The Saskatechewan Court of Queen’s Bench dismissed an application for judicial review by an applicant seeking to quash the Law Society’s decision refusing him admission to membership. The court held that as gatekeeper of admissions, the Law Society’s participatory role in judicial review was appropriate and necessary. The Admissions and Education Committee of the Law Society (the “Committee”) and Benchers’ decisions were reviewable on a reasonableness standard on questions of fact and credibility. The standard of correctness applied to questions of law and mixed fact and law. The Committee’s decision, affirmed by the Benchers, denying the applicant’s application for membership on the basis he had not satisfied the Committee of good character, fell within the range of reasonable outcomes having regard to evidence and credibility of witnesses. The Committee did not err in concluding the applicant had not met the onus of proving good character.

25. June 2013 0

Administrative law – Decisions of administrative tribunals – Law Societies – Standing – Barristers and solicitors – Admission to profession – Judicial review – Disclosure – Jurisdiction – Natural justice – Bias – Standard of review – Reasonableness simpliciter – Correctness

DeMaria v. Law Society of Saskatchewan, [2013] S.J. No. 292, 2013 SKQB 178, Saskatchewan Court of Queen’s Bench, May 10, 2013, L.M. Schwann J.

In June 2008, the applicant began articles with the Merchant Law Group.
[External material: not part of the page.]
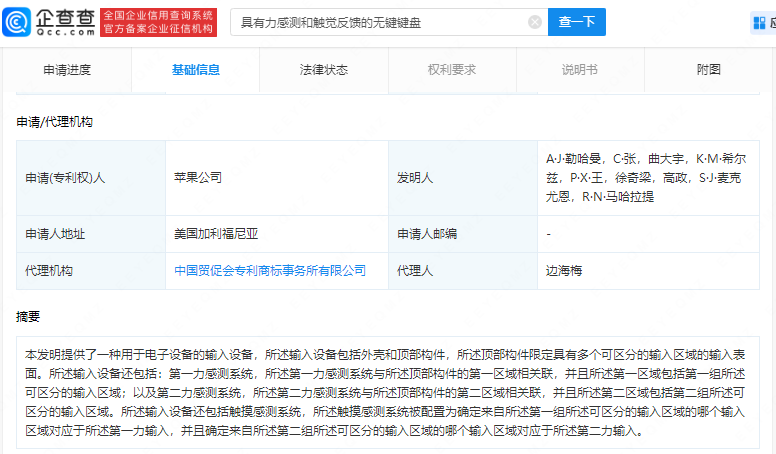 企查查APP显示,3月10日,苹果公司申请的“具有力感测和触觉反馈的无键键盘”专利获得授权。专利摘要显示,本发明提供了一种用于电子设备的输入设备,该设备包括外壳和顶部构件、第一力感测系统及第二力感测系统、触摸感测系统。其中,顶部构件限定具有多个可区分的输入区域的输入表面;第一、第二力感测系统分别与顶部构件的第一、第二区域关联,并且第一、第二区域分别包括第一组、第二组可区分的输入区域;触摸感测系统被配置为确定来自第一组或第二组可区分的输入区域的哪个输入区域对应于第一力输入或第二力输入。

During the course of his articles, a fellow student came forward to the Law Society concerning improper collaboration and cheating on bar course assignments. In doing so, he implicated the applicant. On the heels of his admission, the applicant entered into an agreed statement of facts with the Law Society, taking responsibility for his conduct. The Admissions and Education Committee (the “Committee”) imposed a sanction extending the applicant’s period of articles. In July 2010, the applicant applied to become a Law Society member, submitting with his applicant an affidavit from his principal deposing that he was a “fit and proper person” for admission as well as 30 letters of reference. The Law Society referred the application to the Committee for consideration and the Committee in turn ordered a viva voce hearing to assess the applicant’s application. Following 3 days of hearings, the Committee issued a written decision denying the application on the basis the applicant had not satisfied the Committee of his good character. The Committee concluded that the applicant had demonstrated an ongoing series of inexplicable behaviour that included threatening, a tendancy to physical violence, lying, intimidation and obsessive behaviour. He surreptitiously accessed a fellow lawyer’s computer and regularly taped telephone and personal conversations. He was unable to explain the behaviour, which continued after the cheating incident.

The applicant sought a review of the Committee’s decision before a quorum of Benchers who upheld the Committee’s decision. The applicant then sought judicial review of the Committee’s and Bencher’s decisions.

At judicial review, the applicant raised a preliminary issue with respect to standing of the Law Society in the proceedings, arguing that as a statutory tribunal, its participatory rights were limited to submissions on jurisdiction alone, not the substantive merits. The court noted that self governence of professions has two central features: the authority to license and the ability to discipline. Admission, unlike discipline, requires the Law Society to play a screening role to ensure prospective members have appropriate accreditation and otherwise comply with the Act and Rules. It is not adversarial in nature; there is no “complainant” driving the decision-making function, that is the Law Society is not called upon in admissions to discharge an adjudicative function between two competing parties. As gate-keeper of admissions, the Law Society can hardly be said to be a detached observer, and given the legislative role assigned to the Law Society in acting in the public interest, its participatory role in relation to the admission process was not only appropriate, but necessary.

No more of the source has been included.